今回GMが「シルバラード」をラインに加えたのは、加速するEVピックアップトラック市場に遅れを取るまい、という考えからだ。米国ではピックアップトラックや大型SUVの売上が全体の過半数を占め、ベストセラーである「F150」は乗用車のベストセラーである「トヨタカムリ」の倍以上も売れている。
長年「F150」と「シルバラード」はトップセールスを争ってきたが、ここに今年から「テスラサイバートラック」や「リビアンR1T」といったスタートアップによるピックアップトラックのEVが参入する。特にサイバートラックには現時点で125万台もの予約が入っている。フォードが「F150ライトニング」の開発を急いだのにはそれなりの理由があった。

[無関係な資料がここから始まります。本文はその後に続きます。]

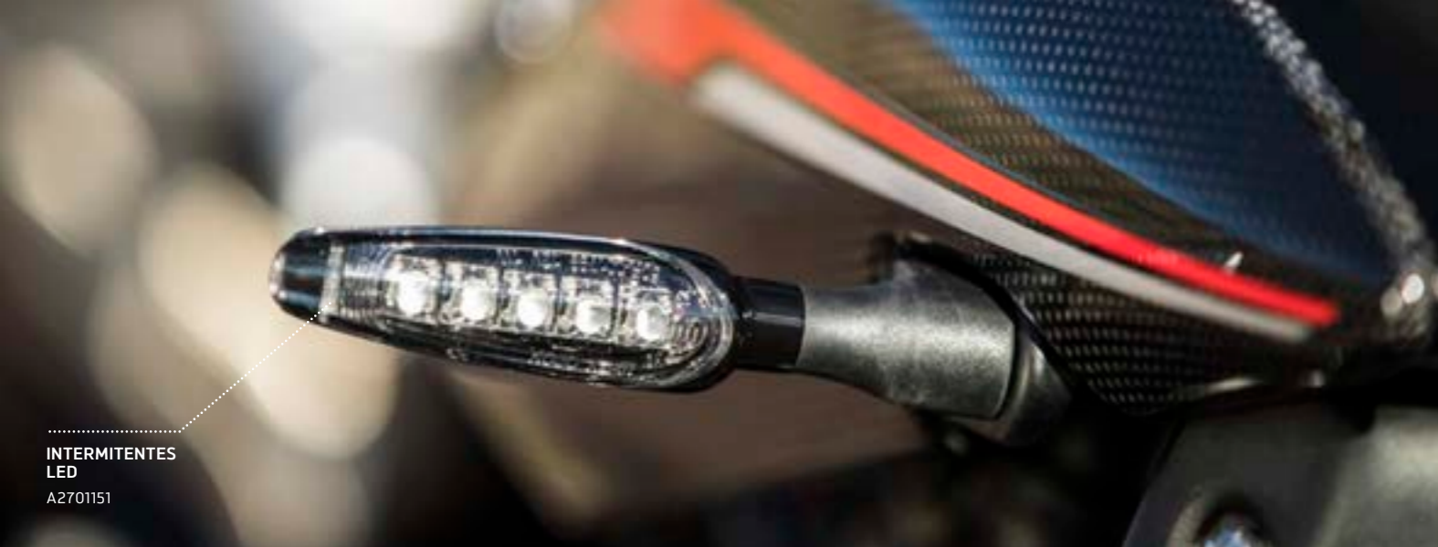
INTERMITENTES LED A2701151
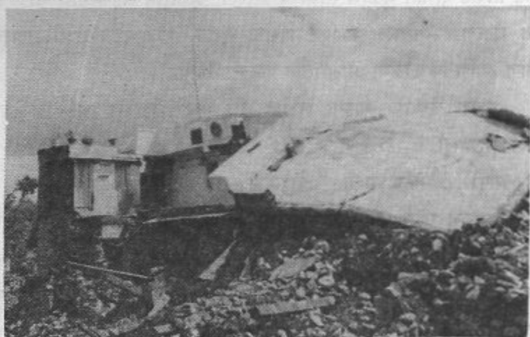
लेखक राहत असलेले निवासस्थान

आम्ही ज्या घरात राहत होतो, त्या घरातून बाहेर येता क्षणीच छत कोसळले. त्या वेळेस कोणताच विचार आला नाही. परंतु जेव्हा ह्या भयाण प्रसंगाची आठवण होते तेव्हा अंगावर शहारे येतात. एखाद्या सेकंदाने घराबाहेर पडण्यास जर विलंब झाला असता तर आम्हीसुद्धा इतरांसारखेच दिगाऱ्याखाली समाधीस्थ झालो असतो. हा प्रसंग आठवला की वाटतं बरं झालं त्या दिवशी आपण प्यालो नाही. तर मलाही जाग आली नसती व घराबाहेर पडता आले नसते. या विचाराने आजही मी भयभीत होतो. त्या रात्री झोपण्यापूर्वी भितीवरील गणरायाचे दर्शन झाले होते. कदाचित त्यानेच भूकंप हांता क्षणोच आम्हाला जागे केले व बाहेर पडण्याची बुद्धी दिली असावी. अशी माझी श्रद्धा आहे.
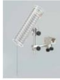
4. 클링 유닛
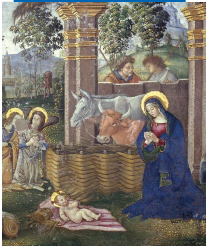
BERNARDINO DI BETTO DETTO IL PINTURICCHIO, NATIVITÀ, APPARTAMENTO BORGIA (MUSEI VATICANI), "PARTICOLARE".
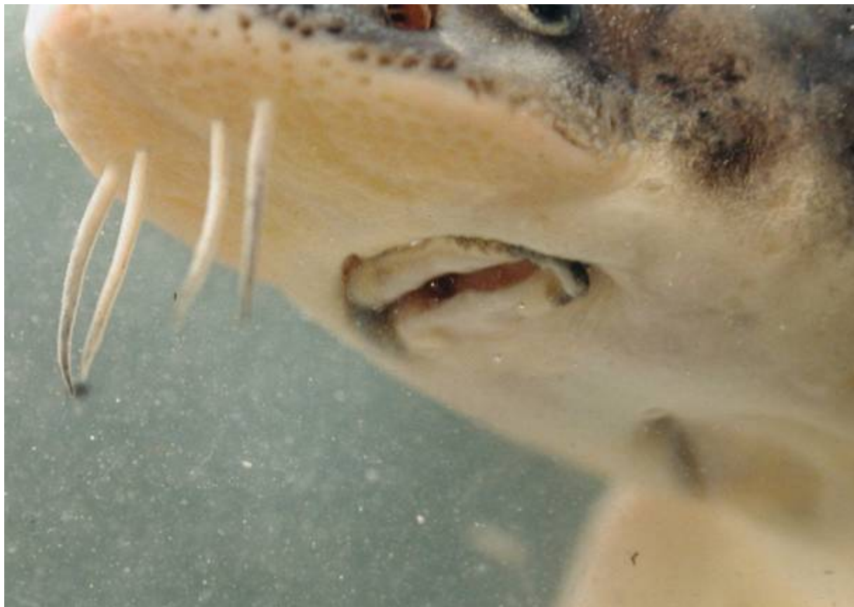
Storione cobice, particolare del muso

dalla sfuggente e curiosa Lampreda padana ( Letentheron zanandreaei ), del gruppo dei Petromizonti, vertebrati acquatici con corpo cilindrico, scheletro cartilagineo e bocca a ventosa, all'esigente Rana di lataste ( Rana latastei ), con abitudini per lo più forestali in boschi umidi ai margini del fiume e delle zone umide, ma dipendente da stagni e raccolte di acqua pulita per la riproduzione ed i primi anni di vita, accompagnata da un'altra rana rossa, la Rana agile ( Rana dalmatina ) e dall'arboricola Raganella italiana ( Hyla intermedia )".
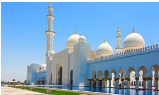
Mezquita de un jeque árabe en Dubai
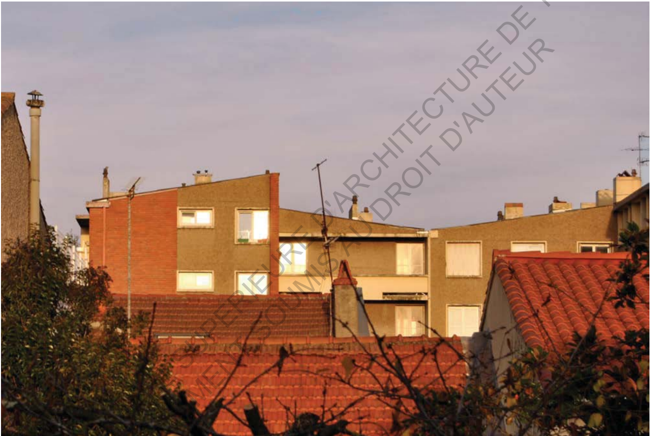
4 Photo depuis ma chambre louée pendant l'année 2016/2017
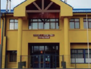
Liceo República Argentina
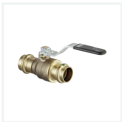
Easytop-Kugelhahn mit SC-Contur Modell 2275.10 Artikel 774 899
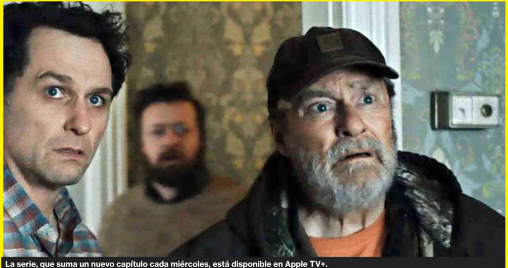
La serie, que suma un nuevo capítulo cada miércoles, está disponible en Apple TV+.

Con el correr de los capítulos (recién vamos en el cuarto; hay estrenos semanales cada miércoles), "La maldición de Widows Bay" deja de utilizar el pueblo como simple escenario y lo convierte en el verdadero núcleo dramático. Widows Bay empieza a sentirse como un organismo vi-

GMはこれらのEVピックアップとほぼ同様のスペック、価格を揃えて「シルバラード」のEVバージョン投入を発表したのだが、市場に与えるインパクトという点では弱い。これまでのEVピックアップはそれなりに話題になっただけに、後出しでなんとか同レベルのものを揃えた、というイメージが拭えないためだ。
「エキノックス」にしても同社のボルトのシェアを食う存在にしかならないのでは? と思わせられる、際立った魅力というものが感じられない。フォードが人気車種である「マスタング」を投入したのと比較すると、せめて「コルベット」、「カマロ」といったモデルで勝負できなかったのか、という印象になってしまう。